Because the reform package is part of the proposed state budget, a vote must take place by the end of the month.
Going back to the days when the state fought against the political control of the copper barons, Montana has a rich tradition of regulating campaign spending that creates the “appearance” of corruption. In 2012, the Supreme Court struck down a Montana law that directly conflicted with Citizens United. But that ruling applies to federal elections, and Andy Kroll reports that a group of Republicans is trying to get an initiative on the 2014 ballot that would ban dark money from state contests.

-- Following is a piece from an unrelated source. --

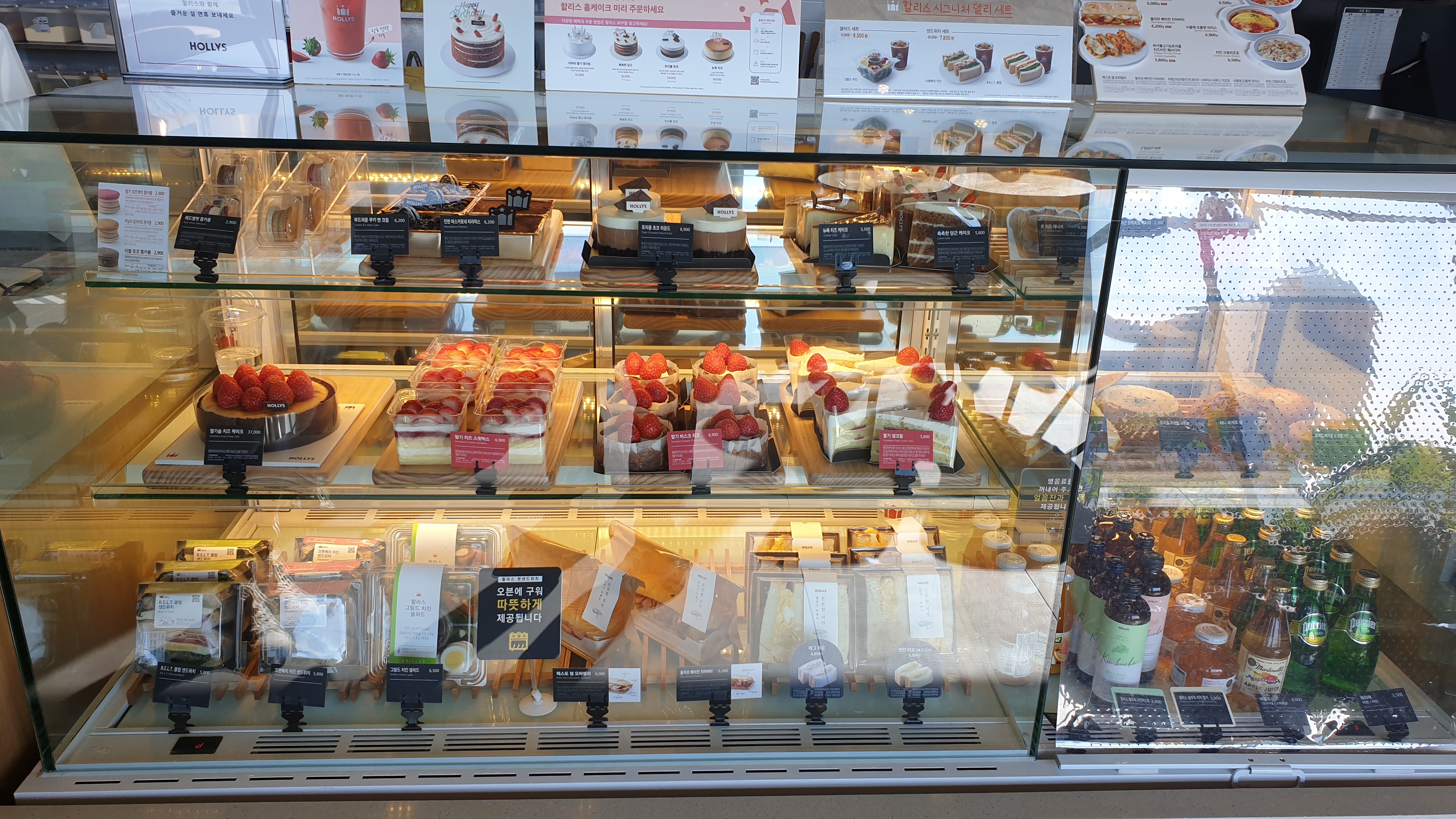 저희는 매장에서 먹을 예정이여서 QR 코드를 입력하고 주문을 하려고 카운터로 갔어요. 카운터 옆으로는 보이는 것처럼 샌드위치와 조각케이크, 홀케이크, 마카롱 등을 판매하고 있더라구요. 딸기로 만든 케이크 제품이 많이 있더라구요. 주문을 하려고 하는데, 점원분께서 딸아이는 학생증을 보여줘야 한다고 하더라구요. 그래서 초등학생인데요 했더니, 죄송합니다. 중학생인줄 알았어요. 그러더라구요. 중/고등학생들은 학생증을 제시해야 하나봐요?

Perhaps the most innovative attempt to combat the influence of dark money is a new initiative called the States’ Unified Network (SUN) Center. The initiative will start out as an informal working group bringing together campaign finance watchdogs from 10 states — New York, California, Alaska, Idaho, Maine, Montana, Maryland, Massachusetts, Washington and Iowa, along with New York City — to collaborate on efforts, The Washington Post notes, to “highlight proposed legislation and standing campaign finance law. They will combine records of campaign donors into a multi-state database. Ann Ravel, chairwoman of the California Fair Political Practices Commission, told the Post, “Ultimately, the group could go in many other directions, such as joining enforcement matters, potentially joining in some sort of pressure groups of states with the federal government.”
And pro-democracy activism isn’t limited to the state level. The Move to Amend coalition lists 383 local resolutions calling for Citizens United to be overturned that have either been passed or are being considered.
As Kim Barker told Bill Moyers this week, “the Supreme Court was naive about how campaign finance really works.” It appears that a growing number of Americans aren’t as easily fooled.